Defining the developmental origin of osteoclasts in vivo.

定义体内破骨细胞的发育起源。

• 批准号: 405898792
• 负责人: Professorin Dr. Claudia Waskow
• 金额: --
• 依托单位: Forschungsgruppe Regeneration in der Hämatopoese
• 依托单位国家: 德国
• 项目类别: Research Grants
• 财政年份: 2018
• 资助国家: 德国
• 起止时间: 2017-12-31 至 2023-12-31
• 项目状态: 已结题
• 来源: https://gepris.dfg.de/gepris/projekt/405898792?language=en
• 关键词: Defining; developmental; origin; osteoclasts; vivo.
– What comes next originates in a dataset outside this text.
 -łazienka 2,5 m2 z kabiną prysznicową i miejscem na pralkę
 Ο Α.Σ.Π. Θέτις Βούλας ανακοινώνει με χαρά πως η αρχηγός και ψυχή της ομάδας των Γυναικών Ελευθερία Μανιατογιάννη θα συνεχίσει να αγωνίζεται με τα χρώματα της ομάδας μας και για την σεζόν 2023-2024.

A major limitation preventing effective treatment of infantile osteopetrosis is the lack of understanding how osteoclast differentiation is regulated during development and in the adult organism. Osteoclasts are bone-resorbing cells that are crucial for tooth eruption and bone integrity that is important for upright walk and the formation of a bone cavity. Tooth eruption and bone integrity is severely impaired in mice lacking the growth factors colony stimulating factor 1 (CSF1, M-CSF) and receptor activator of nuclear factor kb ligand (RANKL), or their corresponding receptors CSF1R (M-CSFR, CD115) and Rank, respectively. Deficiency of either of those factors results in impaired differentiation of macrophages and osteoclasts resulting in an osteopetrotic phenotype. According to prevalent assumption, osteoclasts are continuously generated from hematopoietic stem cells and progenitor populations in the bone marrow of adult mice were identified. However, we provide evidence here that the osteoclasts that are crucial for tooth eruption and bone cavity formation are of embryonic origin, challenging the current concept of osteoclast differentiation and regeneration and also the therapeutic treatment of osteopetrosis in patients. We present experiments in this proposal that will address mechanisms of osteoclast formation and regeneration in the embryo and in juvenile mice, characterize the spatiotemporal relevance for CSF1R-mediated signals in osteoclast differentiation, and test novel therapeutic options for the treatment of osteopetrosis in vivo.

阻碍婴儿石骨症有效治疗的一个主要限制是缺乏对破骨细胞分化在发育过程中和成年机体中是如何调节的理解。破骨细胞是骨吸收细胞，对牙齿萌出和骨完整性至关重要，骨完整性对直立行走和骨腔的形成至关重要。在缺乏生长因子集落刺激因子1（CSF 1，M-CSF）和核因子kb配体受体激活剂（RANKL）或其相应受体CSF 1 R（M-CSFR，CD 115）和Rank的小鼠中，牙齿萌出和骨完整性严重受损。这些因子中的任一种的缺乏导致巨噬细胞和破骨细胞的分化受损，从而导致骨硬化表型。根据普遍的假设，破骨细胞是由造血干细胞连续产生的，并且在成年小鼠的骨髓中鉴定出祖细胞群。然而，我们在这里提供的证据表明，破骨细胞是至关重要的牙齿萌出和骨腔形成的胚胎起源，挑战破骨细胞分化和再生，也在患者的骨硬化症的治疗治疗目前的概念。我们目前的实验在这个建议，将解决破骨细胞的形成和再生的机制在胚胎和幼年小鼠，表征的时空相关性CSF 1 R介导的信号在破骨细胞分化，并测试新的治疗选择在体内治疗骨硬化症。